Michele est mort, l’adolescent s’est défenestré. Son père, Mimí, chef de la Sacra, la mafia qui règne sur le territoire des Pouilles, cible l’objet de sa vengeance sur Nicole. En effet, la jeune fille se serait moquée de Michele et aurait envoyé promener ses déclarations d’amour répétées. Veli est le gardien de la cellule que Mimi a réservée pour ses prisonniers ; ils n’y restent que quelques jours en attendant... leur mort. Pas foncièrement mauvais, Veli accueille Nicole dans son antre. Cette proximité va déclencher un rapport inédit entre les deux êtres – Nicole surprenant son geôlier par sa spontanéité et sa candeur, tandis qu’à l’extérieur, Mimí fait régner la terreur et se laisse envahir par un chagrin devenu folie.
Quel curieux polar ! A la fois violent et sans concession, poétique et d’une incroyable beauté, il n’est pas sans rappeler la tragédie antique. L’auteur multiplie les voix et les points de vu, le résultat n’en demeure pas moins oppressant. Par son originalité, sa poésie et son efficacité, Je suis la bête est un roman dont je me souviendrai longtemps et que je ne peux que recommander. Je n’en fais pas un coup de cœur à cause d’une scène d’une effroyable répugnance et une fin que j’ai trouvée un peu emberlificotée. Si c’est un premier roman pour l’écrivain italien originaire des Pouilles, le bonhomme n’est pas un novice en littérature puisqu’il est l’un des fondateurs du centre de recherche du PEN sur la poésie contemporaine et les nouvelles formes d’écriture, et le directeur artistique du festival littéraire Poié à Gallipoli.

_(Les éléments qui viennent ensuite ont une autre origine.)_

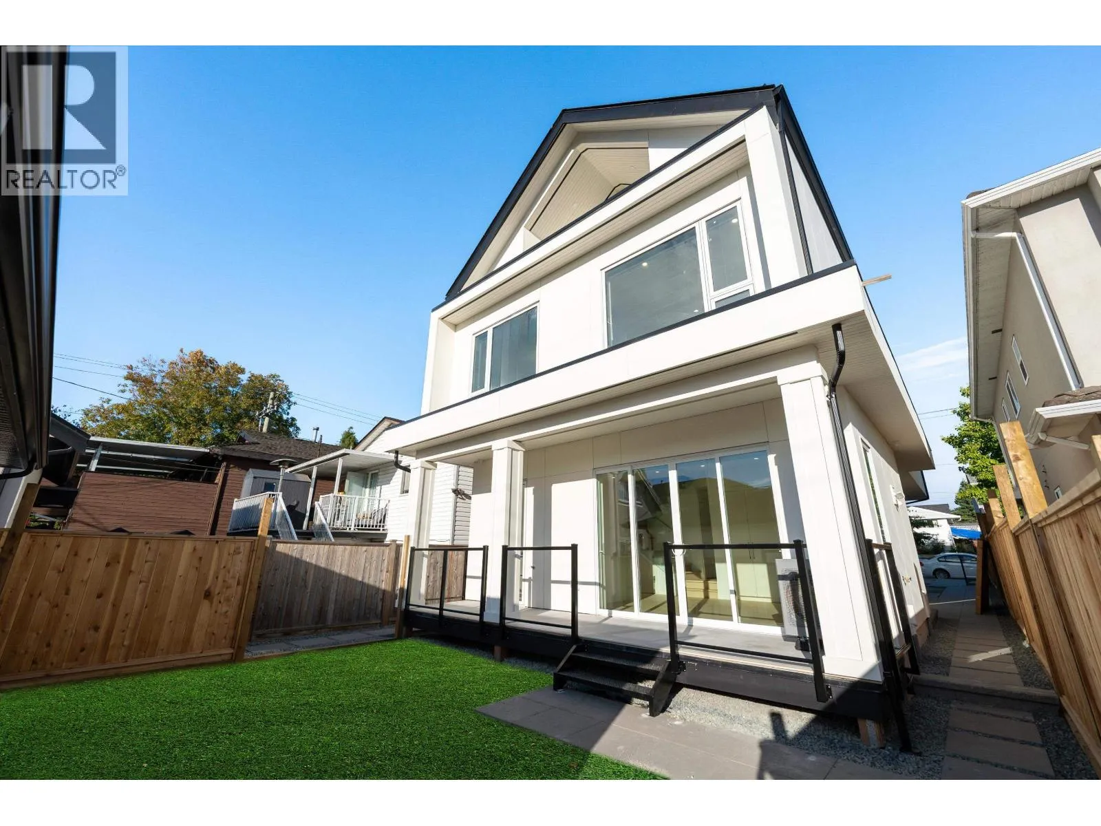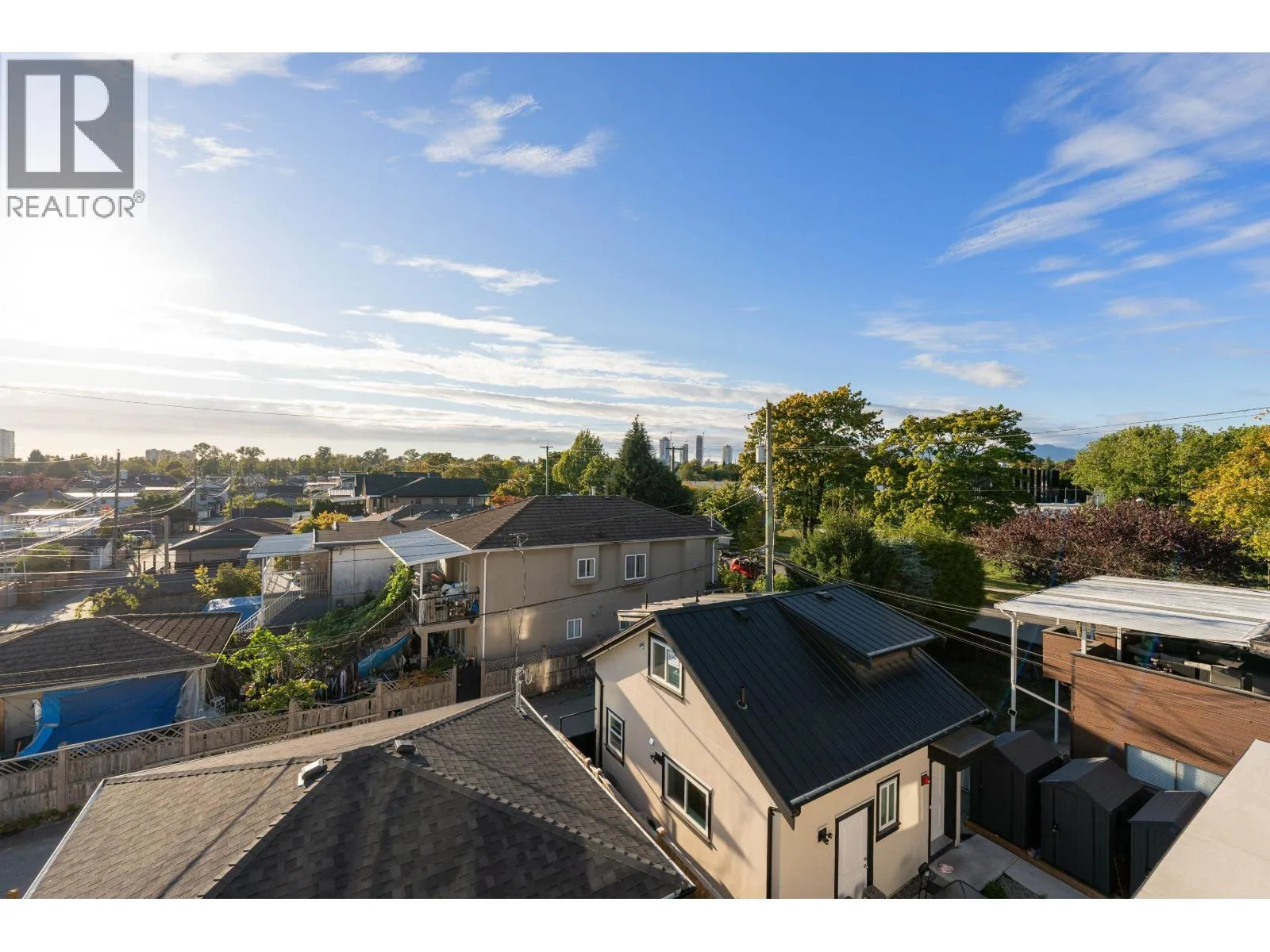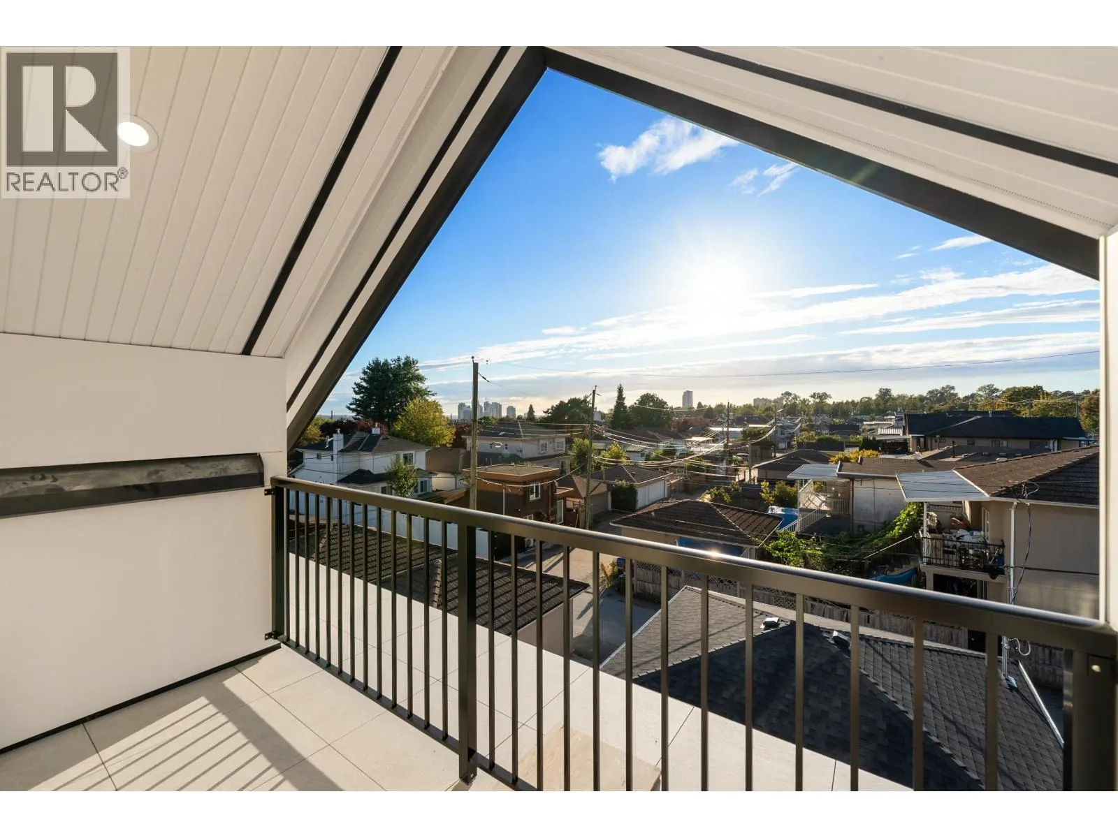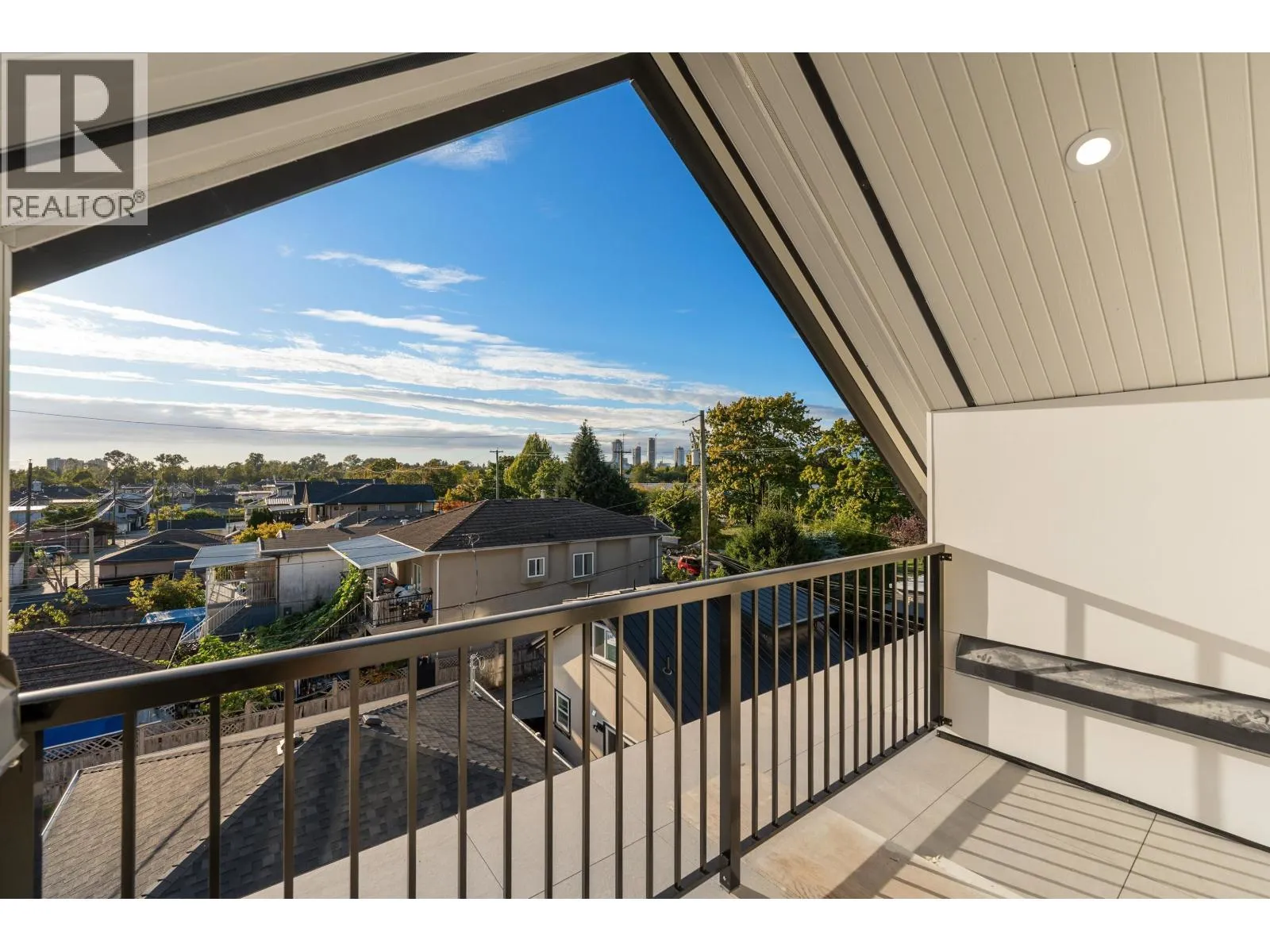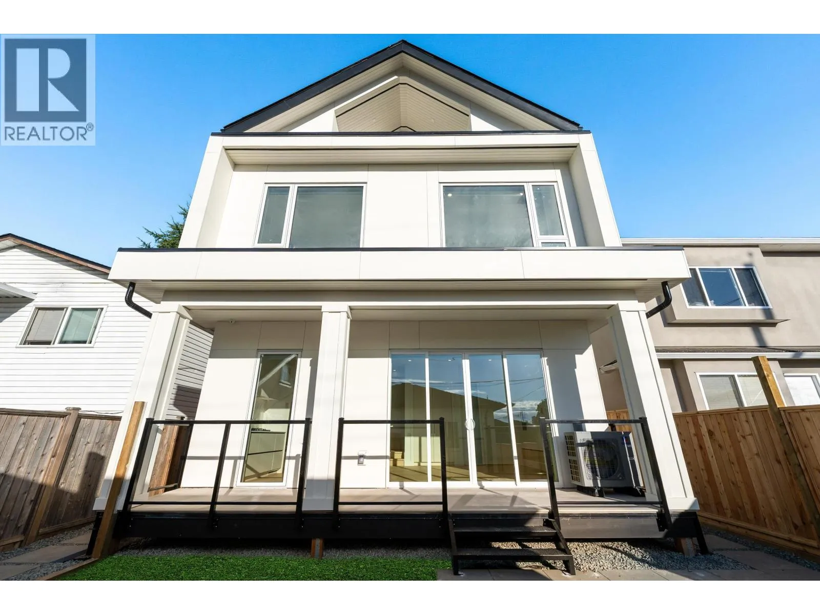 Welcome to the 1,420 square ft 4-bedroom, 3.5-bath home designed for family living. The bright main floor offers an open living/dining area and a modern kitchen, leading to a 580 square ft backyard - perfect for kids and outdoor gatherings. Upstairs features three bedrooms including a comfortable primary suite, plus a top-floor bedroom with its own balcony and powder room. With a 258 square ft garage, porch, and plenty of storage, this home is both practical and inviting. Ideally located near John Henderson Elementary, John Oliver Secondary, Sunset Community Centre, and Marine Station transit. (id:27476)
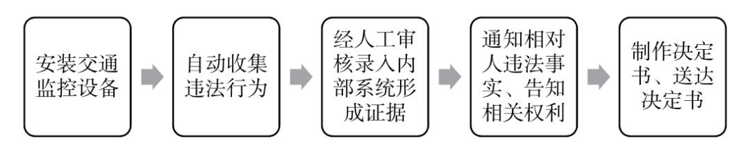 正当程序制度源于英国的“自然正义”原则,该原则主张任何人在受到不利决定前均有权表达意见来维护自身权益。行政相对人陈述、申辩权的充分行使是对行政机关依法行政的监督,在一定程度上可以制约行政权力的恣意与专横。在自动化行政的具体应用中,相对人陈述、申辩的权力遭到了不同程度的剥夺。以交通领域的非现场行政执法为例,工作流程见图1。

Mimí devant sa fille Arianna : « il est seulement le père de Michele, P. pour le moment il peut rien faire d'autre. Il a pas d'explication, c'est comme ça, depuis que Michele est mort, il sent qu'il a qu'un enfant, il sait pas comment l'expliquer, c'est comme ça. Puis Mimi se tait, sa fille aussi, ils se regardent. Mimi voudrait dire qu'il regrette, mais non, il n'y arrive pas, il ne sait pas pourquoi, il s'en va. Il laisse la porte ouverte. »
Veli, à propos de Nicole : « Je l'entends respirer. Je sais qu'elle ne dort pas. Et en effet elle parle bientôt, à voix basse. Ça me semble absurde de l'entendre parler ainsi, comme si c'était un acte de respect envers moi, une précaution pour ne pas me réveiller au cas où je dormirais déjà ».